Vukusic Ivana, Grellscheid Sushma Nagaraja, Wiehe Thomas
Institut für Genetik, Universität zu Köln, Zülpicher Strasse 47, 50674 Köln, Germany.
Genomics. 2007 Apr;89(4):471-9. doi: 10.1016/j.ygeno.2007.01.001. Epub 2007 Feb 5.
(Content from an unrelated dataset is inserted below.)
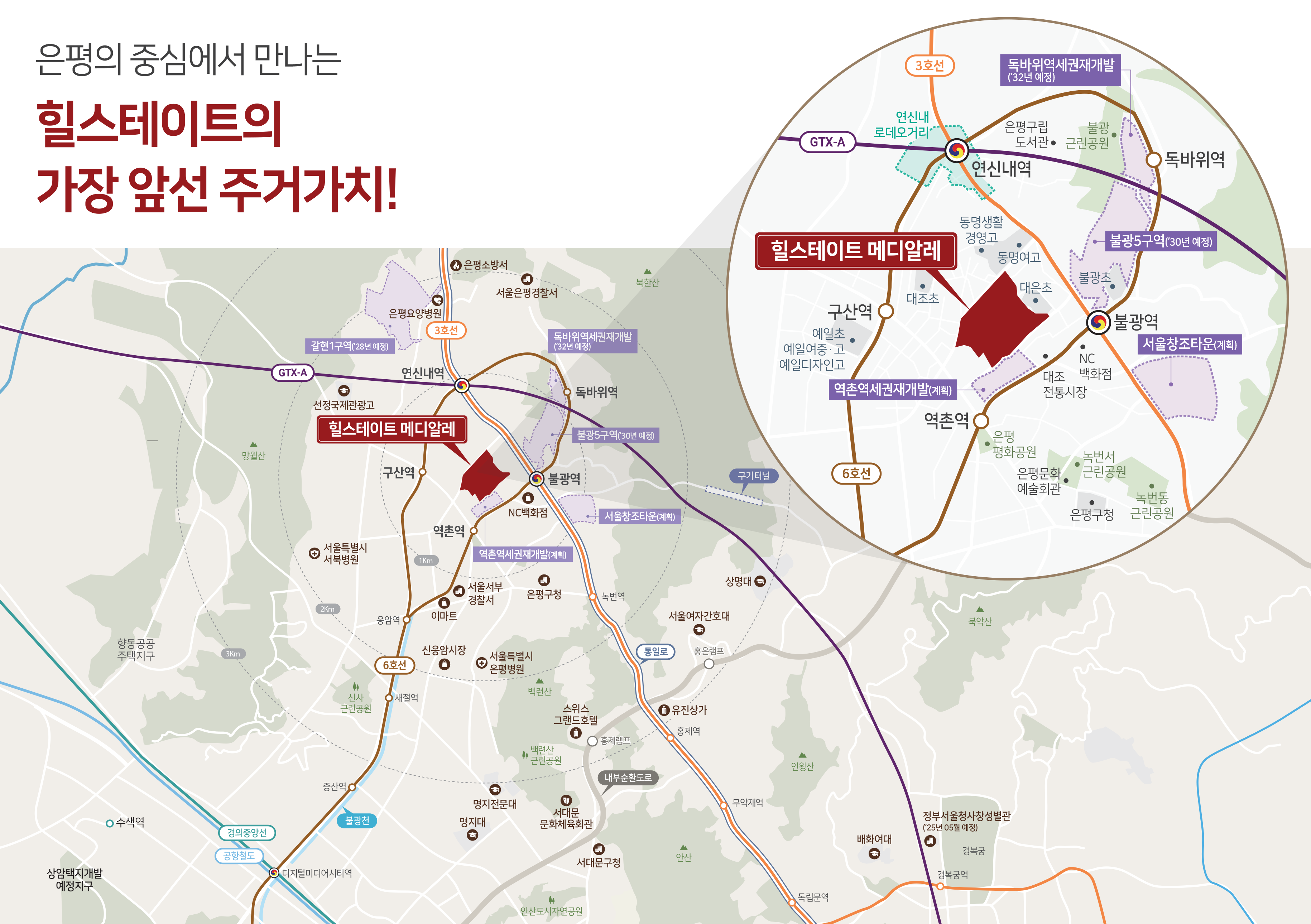 힐스테이트 메디알레는 연신내역 GTX-A 수혜, 서울창조타운 개발 등 다양한 호재로 가치 상승이 기대됩니다.

Genetic programming (GP) can be used to classify a given gene sequence as either constitutively or alternatively spliced. We describe the principles of GP and apply it to a well-defined data set of alternatively spliced genes. A feature matrix of sequence properties, such as nucleotide composition or exon length, was passed to the GP system "Discipulus." To test its performance we concentrated on cassette exons (SCE) and retained introns (SIR). We analyzed 27,519 constitutively spliced and 9641 cassette exons including their neighboring introns; in addition we analyzed 33,316 constitutively spliced introns compared to 2712 retained introns. We find that the classifier yields highly accurate predictions on the SIR data with a sensitivity of 92.1% and a specificity of 79.2%. Prediction accuracies on the SCE data are lower, 47.3% (sensitivity) and 70.9% (specificity), indicating that alternative splicing of introns can be better captured by sequence properties than that of exons.
遗传编程(GP)可用于将给定的基因序列分类为组成型剪接或可变剪接。我们描述了遗传编程的原理,并将其应用于一个定义明确的可变剪接基因数据集。一个包含序列特性(如核苷酸组成或外显子长度)的特征矩阵被传递给遗传编程系统“Discipulus”。为了测试其性能,我们重点关注盒式外显子(SCE)和保留内含子(SIR)。我们分析了27519个组成型剪接的外显子以及9641个盒式外显子(包括其相邻内含子);此外,我们还分析了33316个组成型剪接的内含子,并与2712个保留内含子进行了比较。我们发现,该分类器对保留内含子数据产生了高度准确的预测,灵敏度为92.1%,特异性为79.2%。对盒式外显子数据的预测准确率较低,分别为47.3%(灵敏度)和70.9%(特异性),这表明内含子的可变剪接比外显子的可变剪接能更好地通过序列特性来捕捉。